What the exercise asks ->
With the pictures left out, retype exactly the lines below starting at the line that contains "But again, the" and ending at the line that contains "El yapımı ve".

Records for the task ->
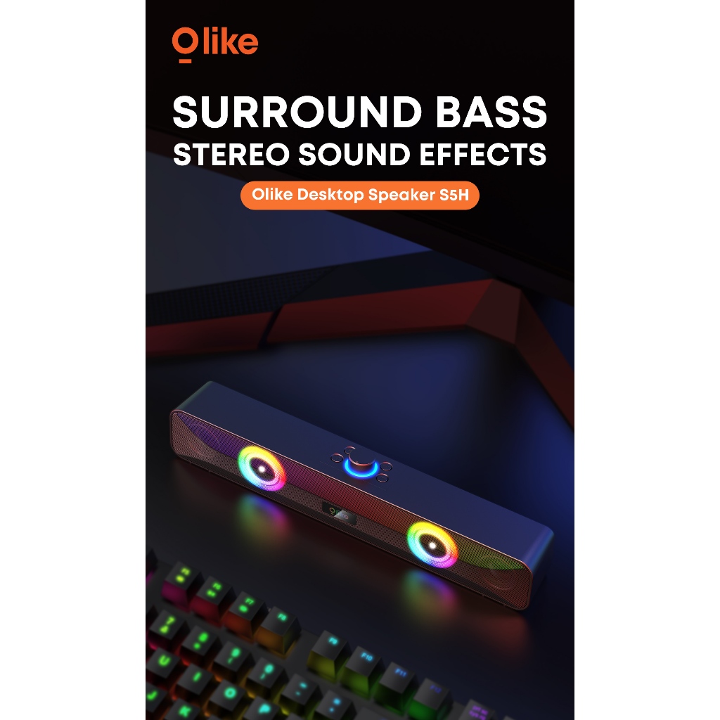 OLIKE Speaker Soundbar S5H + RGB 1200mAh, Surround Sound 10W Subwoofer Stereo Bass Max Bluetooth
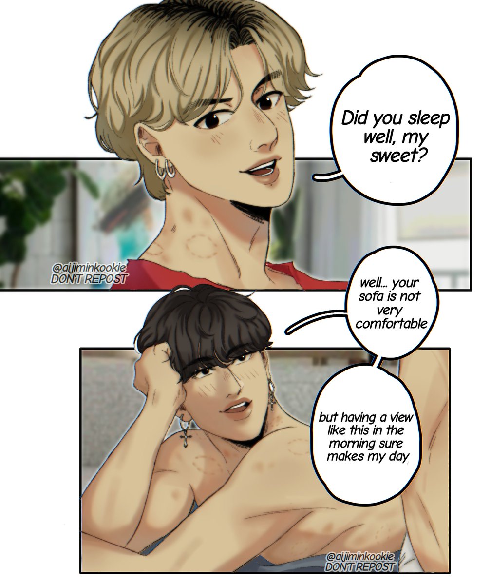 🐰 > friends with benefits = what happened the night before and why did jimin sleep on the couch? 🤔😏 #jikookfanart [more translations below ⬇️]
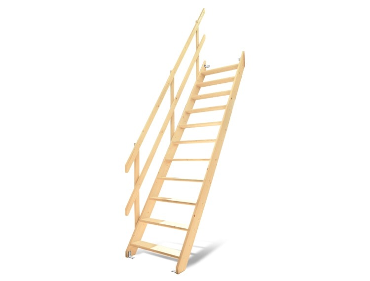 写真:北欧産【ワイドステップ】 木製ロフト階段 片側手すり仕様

---

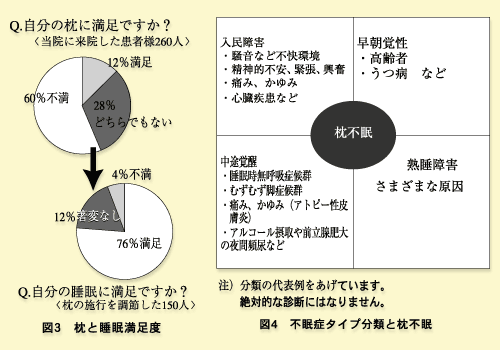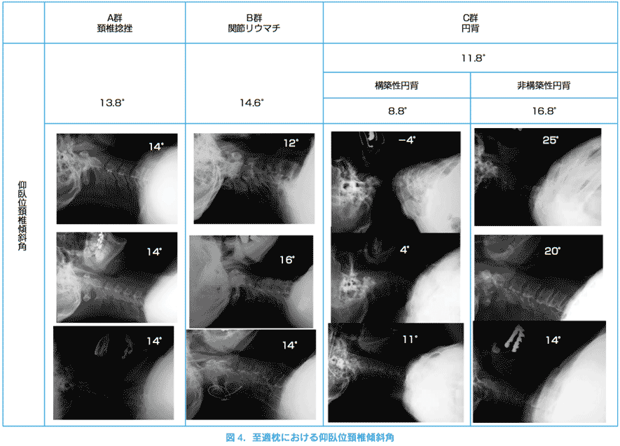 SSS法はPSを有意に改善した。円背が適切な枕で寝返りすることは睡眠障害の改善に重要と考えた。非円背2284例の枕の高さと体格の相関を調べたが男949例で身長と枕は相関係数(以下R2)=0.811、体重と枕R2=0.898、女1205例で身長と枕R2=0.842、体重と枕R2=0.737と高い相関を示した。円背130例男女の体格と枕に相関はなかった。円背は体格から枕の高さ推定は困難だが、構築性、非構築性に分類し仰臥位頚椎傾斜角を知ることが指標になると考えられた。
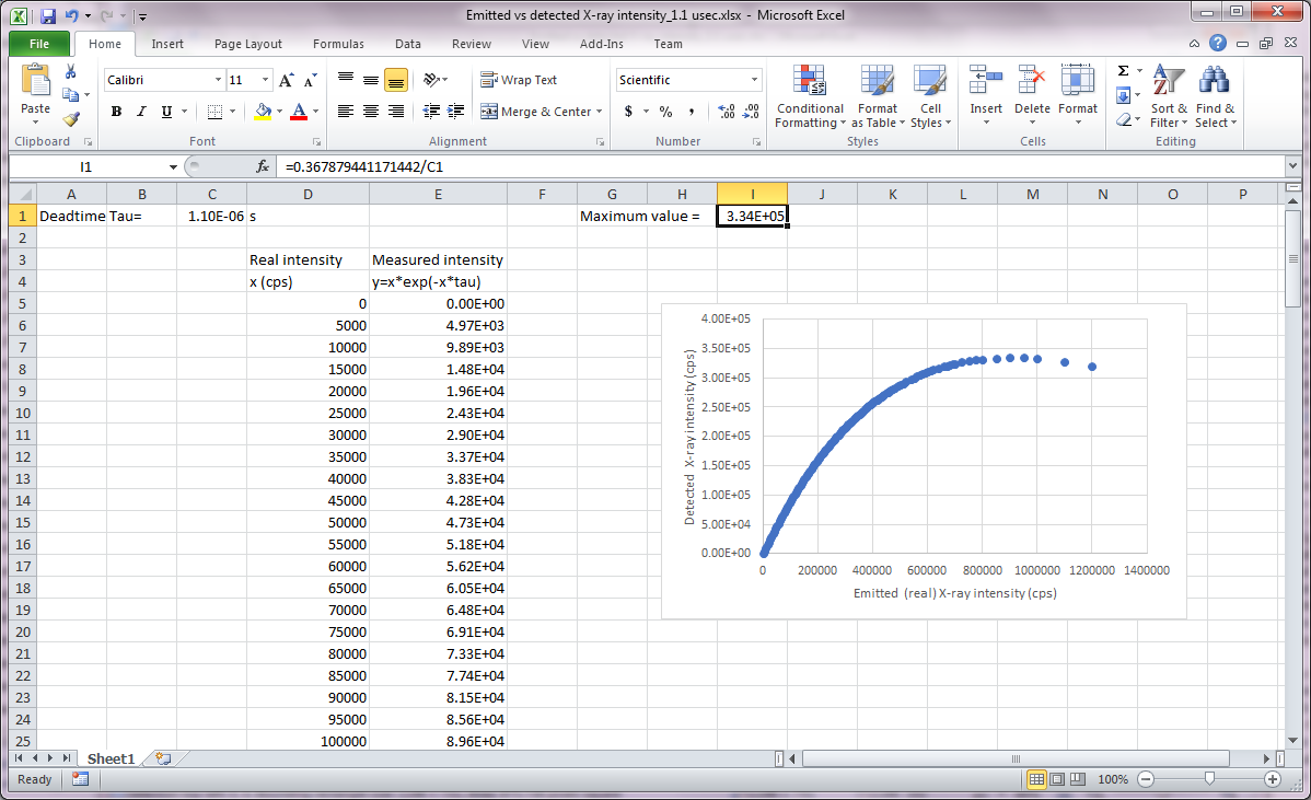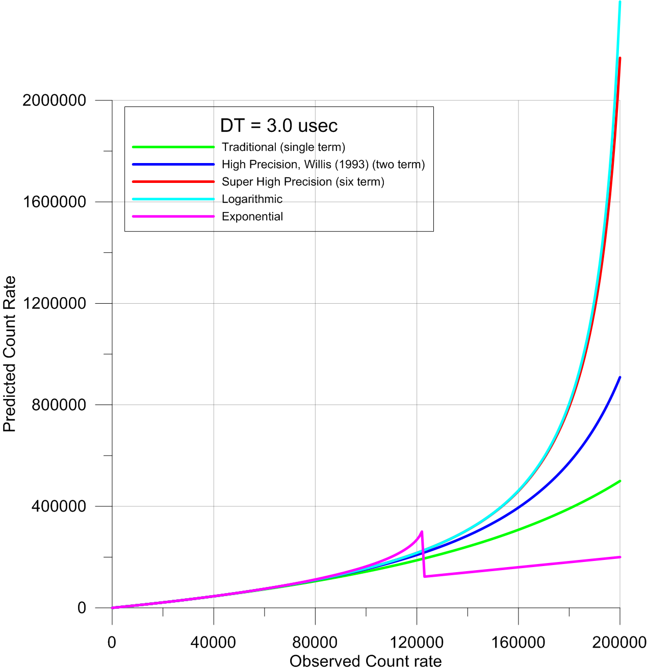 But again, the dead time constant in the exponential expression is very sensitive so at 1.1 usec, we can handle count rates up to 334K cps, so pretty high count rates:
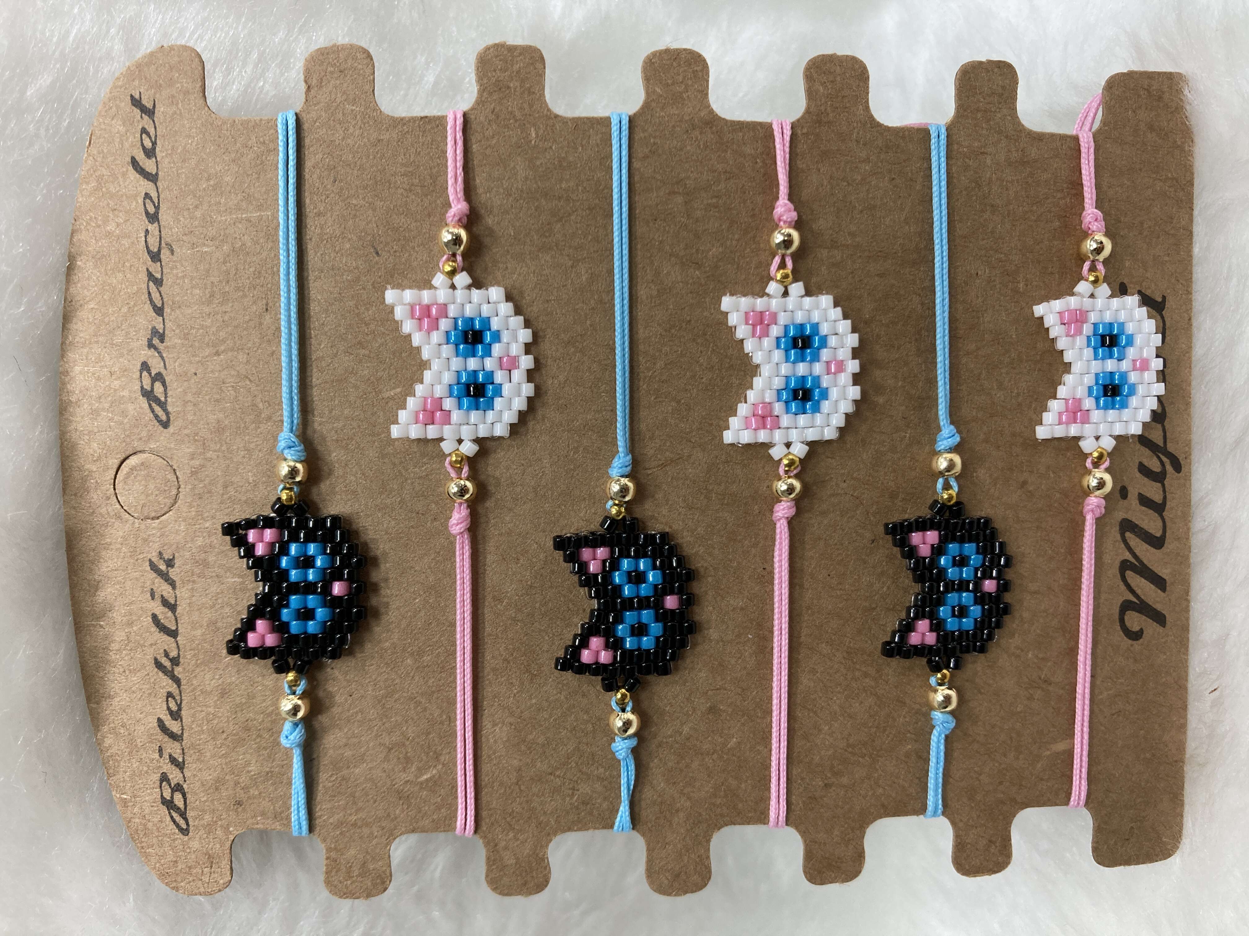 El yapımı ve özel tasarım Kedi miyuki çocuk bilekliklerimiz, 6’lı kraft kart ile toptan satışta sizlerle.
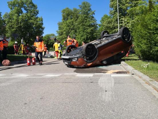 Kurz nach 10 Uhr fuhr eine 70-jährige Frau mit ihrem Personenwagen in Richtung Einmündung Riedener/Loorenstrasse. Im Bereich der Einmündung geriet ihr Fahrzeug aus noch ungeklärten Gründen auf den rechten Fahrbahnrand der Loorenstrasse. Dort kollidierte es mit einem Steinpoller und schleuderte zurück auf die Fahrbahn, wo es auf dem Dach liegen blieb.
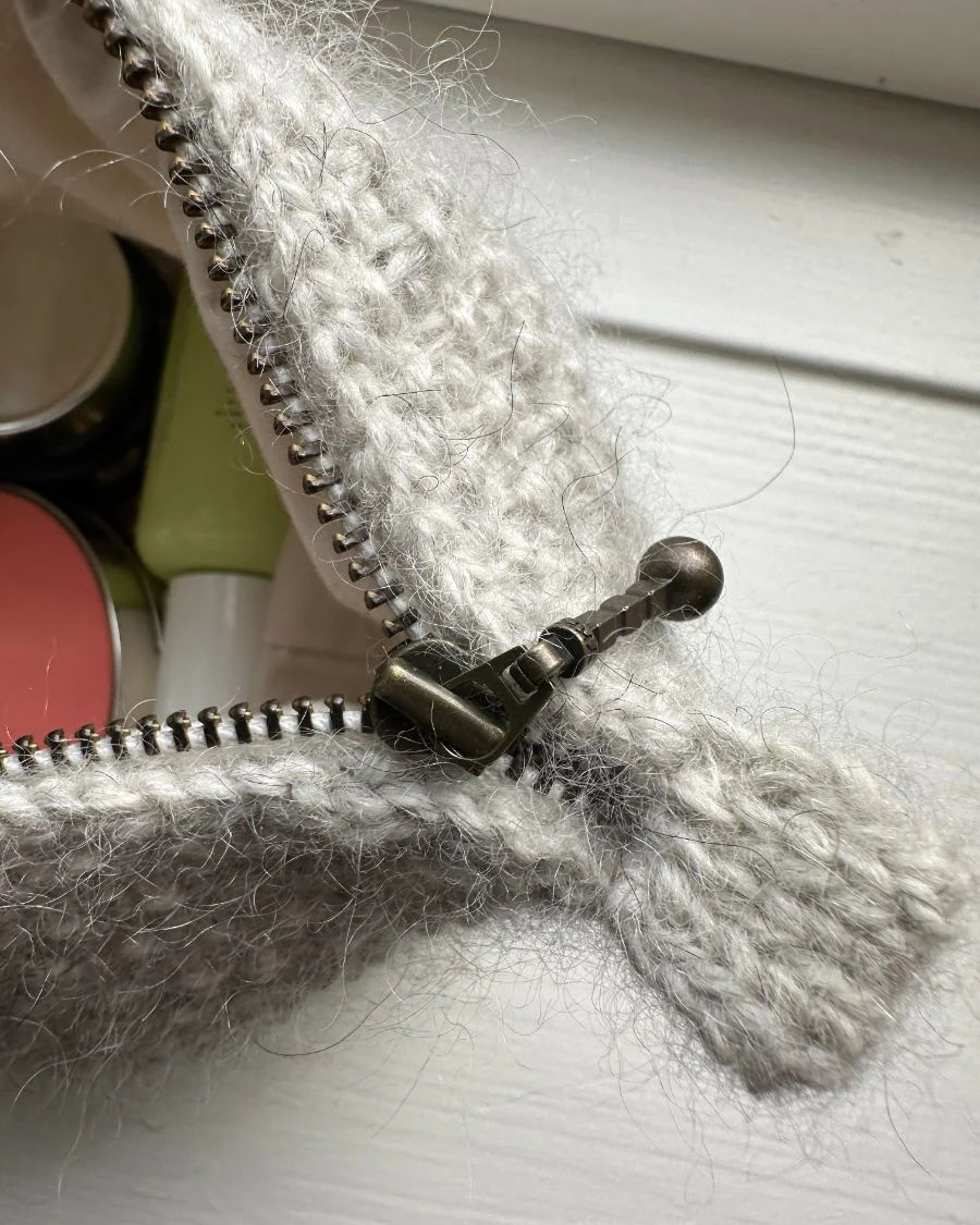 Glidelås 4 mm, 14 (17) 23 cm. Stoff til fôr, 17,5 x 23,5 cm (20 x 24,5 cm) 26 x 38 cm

==

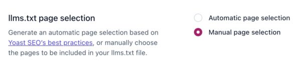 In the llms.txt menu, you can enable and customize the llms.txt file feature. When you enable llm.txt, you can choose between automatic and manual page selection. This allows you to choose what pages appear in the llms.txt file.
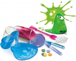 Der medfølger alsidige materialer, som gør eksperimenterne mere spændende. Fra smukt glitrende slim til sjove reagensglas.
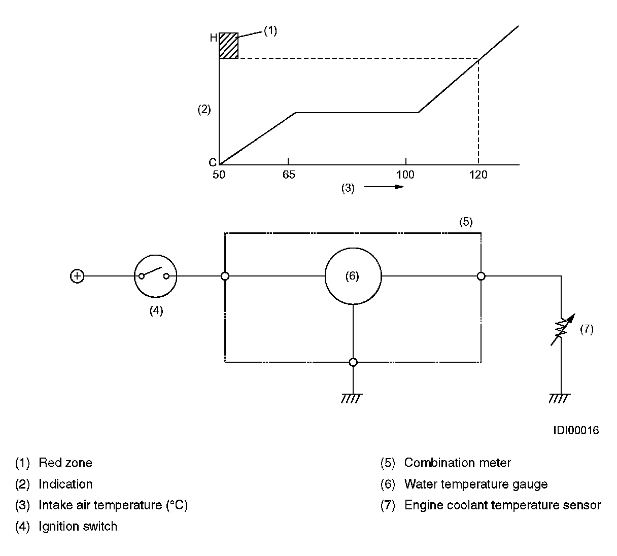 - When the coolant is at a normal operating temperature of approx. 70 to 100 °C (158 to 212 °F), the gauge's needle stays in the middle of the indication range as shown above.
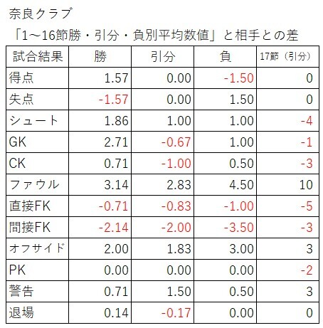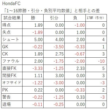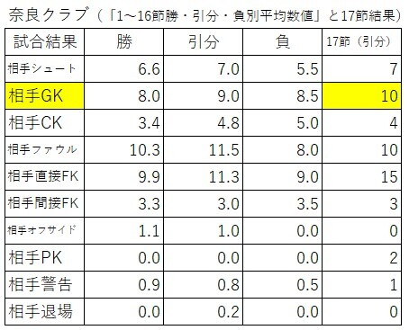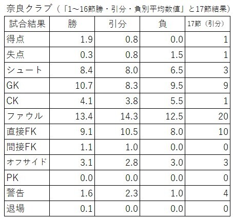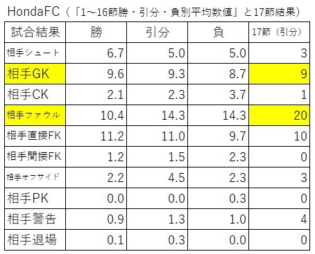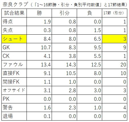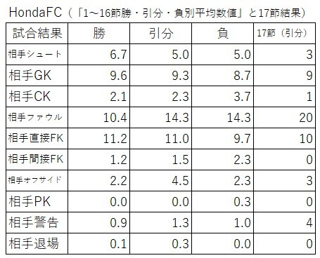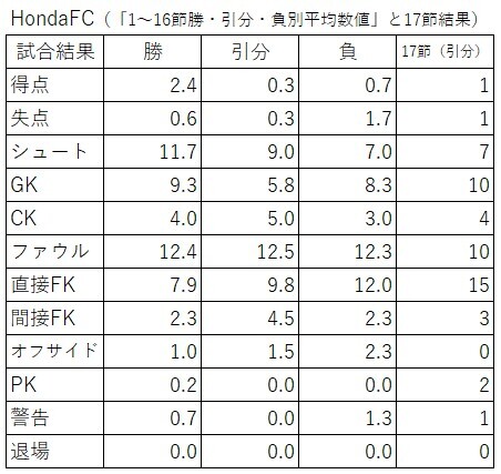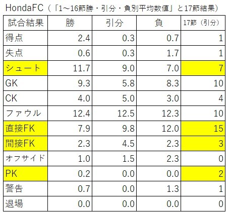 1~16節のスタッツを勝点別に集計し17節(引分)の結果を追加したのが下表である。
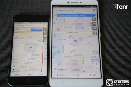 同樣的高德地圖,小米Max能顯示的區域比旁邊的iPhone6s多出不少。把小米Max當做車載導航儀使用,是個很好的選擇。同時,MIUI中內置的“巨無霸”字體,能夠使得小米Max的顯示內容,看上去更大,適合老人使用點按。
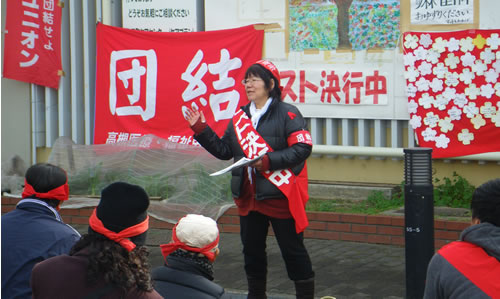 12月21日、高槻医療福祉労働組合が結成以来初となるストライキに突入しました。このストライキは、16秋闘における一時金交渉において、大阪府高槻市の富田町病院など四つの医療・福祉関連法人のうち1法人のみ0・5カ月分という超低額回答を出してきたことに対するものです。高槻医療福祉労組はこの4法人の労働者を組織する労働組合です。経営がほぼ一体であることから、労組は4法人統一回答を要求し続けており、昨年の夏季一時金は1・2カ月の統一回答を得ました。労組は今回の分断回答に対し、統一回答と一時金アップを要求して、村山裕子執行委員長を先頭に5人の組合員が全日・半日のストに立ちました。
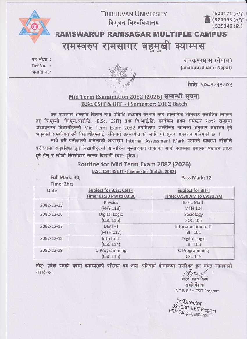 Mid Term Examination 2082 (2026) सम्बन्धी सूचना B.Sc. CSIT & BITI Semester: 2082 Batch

Finished exercise ->
 But again, the dead time constant in the exponential expression is very sensitive so at 1.1 usec, we can handle count rates up to 334K cps, so pretty high count rates:
 El yapımı ve özel tasarım Kedi miyuki çocuk bilekliklerimiz, 6’lı kraft kart ile toptan satışta sizlerle.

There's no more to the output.